All of the wonderful, diverse comments in response to my interview with Eric Iwersen have brought up some points about bicycle-car interactions that merit further discussion. The conversation started to get interesting when it focused on the case study of the transformation of Apache with the light-rail construction. As Eric described, Apache went from a six-lane arterial signed at 40-45 mph to a four-lane arterial with a bike lane, on-street parking, 35 mph speed limits, and more extensive pedestrian access.

While overall I think the retrofit is an improvement (especially lowering the speed limit), it does raise a general question (legalities and design standards aside): does the presence of bike lanes fool drivers and bicycles into thinking that bicycles should only be found in bike lanes? And if that’s the case, do bike lanes thus mis-educate drivers and cyclists about how to safely and comfortably interact with each other, as suggested by Al, Freewheeler, and Ben?

If the answers to these questions are yes, what are some alternative methods that Tempe could employ? What’s working, and what could work better?

As Ben said, probably the biggest improvement to Apache from a bicyclist’s perspective is speed reduction: fatal accidents happen when vehicles travel at speeds over 30 mph, so slowing traffic down should have favorable consequences for accident rates and will make it easier for bicycles to ride with traffic. From what I understand of the City’s history, though, they have found it politically complicated to universally lower speed limits (drivers get grumpy about this). Instead, the City is working to phase in lower speed limits as other retrofits occur (Eric, please correct me if I’m wrong about this).

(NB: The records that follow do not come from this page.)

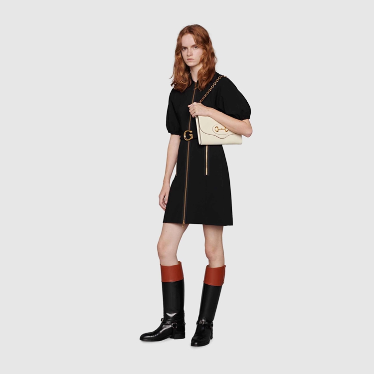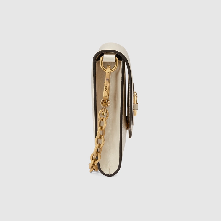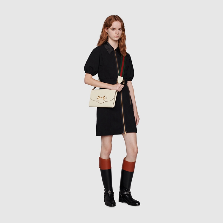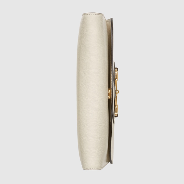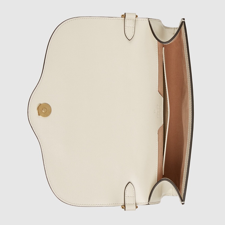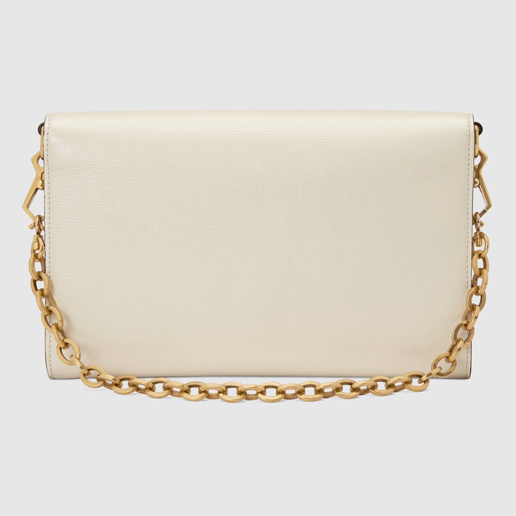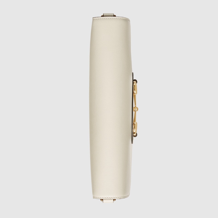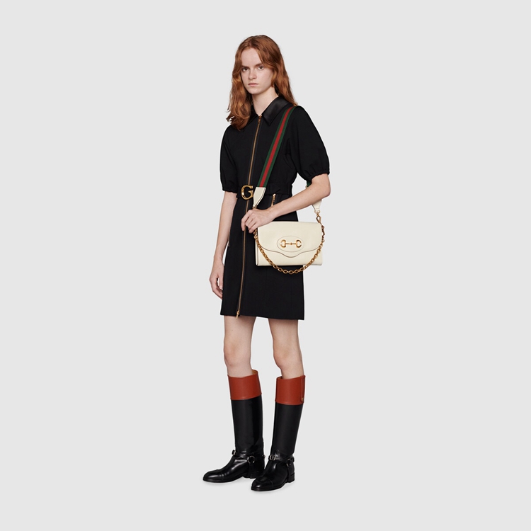 Style 677286 18YSX 9068Embodying The notion of The versatility, The Gucci Horsebit 1955 is enriched With two detachable shoulder straps, One is Crafted in Emblematic green and red Web The other is in Gucci’s recognizable gold-toned chain design. The style is Crafted from white leather and defined by The line’s signature Horsebit hardware.
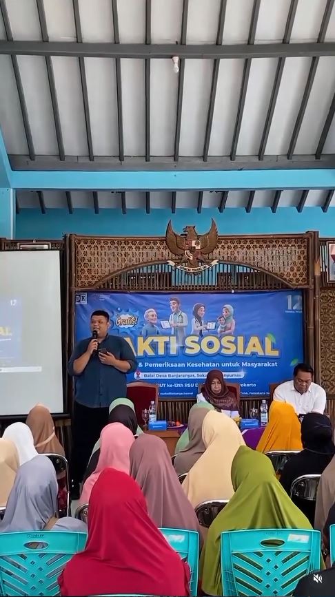 Dalam rangka HUT ke 12th RSU Dadi keluarga mengadakan Bakti sosial di balai desa banjaranyar, sokaraja. kegiatan pengabdian masyarakat yang dilakukan RS untuk memberikan pelayanan kesehatan gratis dan edukasi, seperti pemeriksaan umum, konsultasi dokter dll.
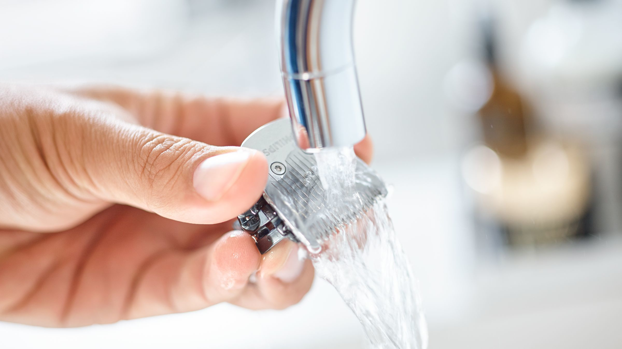 По завершении подравнивания просто снимите лезвия, потянув за них вверх, после чего сполосните лезвия и гребень под водой, очистите встроенную камеру и стряхните оставшиеся волоски с помощью прилагающейся щеточки для очистки — это обеспечит качественную работу прибора в течение долгого времени.

So, what else? How about sign changes? Here are three ideas with various merits and limitations:

1. Sharrows. Several other US cities have been testing out “sharrows,” signs painted on the roadway that indicate that cars should expect to share the roadway with bicycles, and indicate where cyclists should ride (i.e. free of the “door zone”). From my experience riding around in areas with sharrows, I don’t think they really do much for anybody, because they’re usually put in places where drivers already expect to see bicycles, and they’re only really useful in situations where lanes are already quite wide and allow vehicles and bicycles to share the same lane.

2. Share the Road. In Tempe we’ve already got a lot of “Share the Road” signs up, but I personally don’t think that they register with motorists because they aren’t white (legally required directions) or yellow (advisory). And also, what does it actually mean to share the road? Does that encourage bikers to ride too far to the right?

3. BAUFL-CLTP. After some heavy deliberation, San Francisco is implementing what they call BAUFL-CLTP signs in some areas(“Bicycles allowed use of full lane – change lanes to pass”): there’s a .pdf summary document about these signs here. Has the sign change been successful? I don’t really know yet–if you know more, let me know. I think these signs would shock Tempe-area motorists, though.

My question to you is, do you have other ideas or further insights into the ones presented here, or commentary on these possibilities? What can we continue to do to make the majority happy with our transportation infrastructure?